MODEL_PATH = f"{ARTIFACT_PREFIX}/model.pt"
model_blob = bucket.blob(MODEL_PATH)
model_bytes = model_blob.download_as_bytes()
# load from bytes
model_pt = io.BytesIO(model_bytes)
# rebuild model and load weights
state = torch.load(model_pt, map_location="cpu")
m = TitanicNet()
m.load_state_dict(state)
m.eval(); # set model to eval mode
# -----------------
# ALT: download copy of model into VM (costs extra storage)
# -----------------
# # Copy model.pt from GCS (replace RUN_ID with your run folder)
# !gsutil cp {ARTIFACT_DIR}/model/model.pt /home/jupyter/model_vertex.pt
# !ls
# # rebuild model and load weights
# m = TitanicNet()
# state = torch.load("/home/jupyter/model_vertex.pt", map_location="cpu")
# m.load_state_dict(state)
# m.eval()
PYTHON
# get predictions
with torch.no_grad():
probs = m(X_val_t).squeeze(1) # [N], sigmoid outputs in (0,1)

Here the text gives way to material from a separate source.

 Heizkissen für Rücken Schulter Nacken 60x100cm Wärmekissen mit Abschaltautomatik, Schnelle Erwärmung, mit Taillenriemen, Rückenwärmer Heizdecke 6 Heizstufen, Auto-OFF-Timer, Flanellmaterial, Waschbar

preds_t = (probs >= 0.5).long() # threshold at 0.5 -> class label 0/1
correct = (preds_t == y_val_t).sum().item()
acc = correct / y_val_t.shape[0]
print(f"Vertex model val accuracy: {acc:.4f}")
GPU tips: - On small problems, GPU startup/transfer overhead can erase speedups—benchmark before you scale. - Stick to a single replica unless your batch sizes and dataset really warrant data parallelism.

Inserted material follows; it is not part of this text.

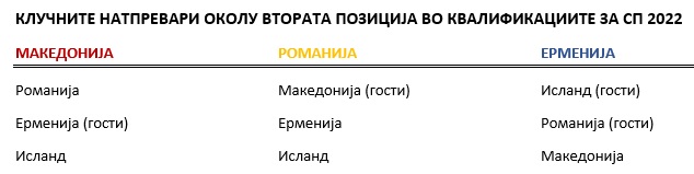Во една таква ситуација Македонија е во најповолна ситуација, бидејќи на домашен терен ги пречекува Романија и Исланд, а одлучувачки може да биде гостувањето на Ерменија следниот месец. Но, со предуслов утре да се слави против Романците во Скопје.
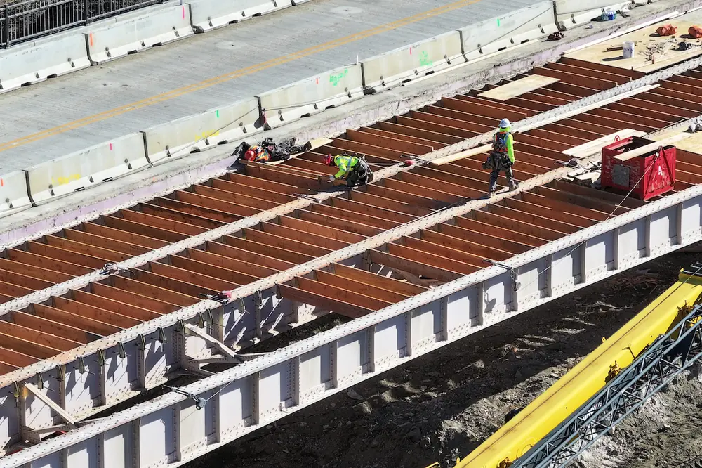 Once the widening was done, the team removed the deck all the way down to the steel beams and poured a new bridge deck onto the original bridge. However, they kept the same substructure and steel beams for the original bridge.

Distributed training (when to consider)
- Data parallelism (DDP) helps when a single GPU is saturated by batch size/throughput. For most workshop‑scale models, a single machine/GPU is simpler and cheaper.

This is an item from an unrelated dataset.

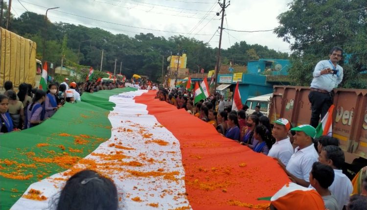 ନବରଙ୍ଗପୁର : ସ୍ୱାଧୀନତାର ୭୫ ବର୍ଷ ଆଜାଦୀ କା ଅମୃତ ମହୋତ୍ସବ ପାଳନ ଅବସରରେ ଆଜି ଦ୍ୱିତୀୟ ଦିନ ନବରଙ୍ଗପୁର ଜିଲ୍ଲା ପରିକ୍ରମାରେ ଜିଲ୍ଲାର ଦଶଟି ବ୍ଲକ୍‌ ଓ ଦୁଇଟି ପୌରପାଳିକାର ବିଭିନ୍ନ ଅଞ୍ଚଳ ପରିକ୍ରମା କରିଛି । ବିଭିନ୍ନ ବ୍ଲକ୍‌ ପୌର ପରିଷଦର ଅଧିକାରୀ, ଲୋକପ୍ରତନିଧି, ଆଶା କର୍ମୀ, ଅଙ୍ଗନୱାଡି କର୍ମୀ, ଛାତ୍ରଛାତ୍ରୀ, ଶିକ୍ଷକ, ଶିକ୍ଷୟତ୍ରୀ, ଜନସାଧାରଣ ଆନନ୍ଦ ଉଲ୍ଲାସର ସହିତ ଅହିଂସା ରଥକୁ ସ୍ୱାଗତ କରିଛନ୍ତି । ନବରଙ୍ଗପୁର ସହରରେ ଏକ ବିରାଟ ଶୋଭଯାତ୍ରା ସ୍ୱାଧିନତା ସଂଗ୍ରାମୀ ମହମ୍ମଦ ବାଜିଙ୍କ ପ୍ରତିମୂର୍ତ୍ତିରୁ ବିଶିଷ୍ଟ ସ୍ୱାଧୀନତା ସଂଗ୍ରାମୀ ତଥା ଓଡ଼ିଶାର ପୂର୍ବତନ ମୁଖ୍ୟମନ୍ତ୍ରୀ ସଦାଶିବ ତ୍ରିପାଠୀଙ୍କ ପାର୍କ ପର୍ଯ୍ୟନ୍ତ ପ୍ରାୟ ଚାରି କିଲୋମିଟରରୁ ଉଦ୍ଧ୍ୱର୍ ରାସ୍ତା ପର୍ଯ୍ୟନ୍ତ ଏକ ଶହ ଫୁଟର ତ୍ରିରଙ୍ଗା ସହିତ ହଜାର ହଜାର ଲୋକଙ୍କ ଉପସ୍ଥିତିରେ ନାଚ ଗୀତ, ସାଂସ୍କୃତିକ କାର୍ଯ୍ୟକ୍ରମ ସହିତ ସହର ପରିକ୍ରମା କରାଯାଇଥିଲା ।

- Model parallelism is for very large networks that don’t fit on one device—overkill for this lesson.
Additional resources
To learn more about PyTorch and Vertex AI integrations, visit the docs: docs.cloud.google.com/vertex-ai/docs/start/pytorch
- Use CustomTrainingJob with a prebuilt PyTorch
container; let your script control outputs via
--model_out. - Keep artifacts together (model, metrics, history, log) in one folder for reproducibility.
-
.npzspeeds up loading and plays nicely with PyTorch. - Start on CPU for small datasets; use GPU only when profiling shows a clear win.
- Skip
base_output_dirunless you specifically want Vertex’s default run directory; staging bucket is just for the SDK packaging tarball.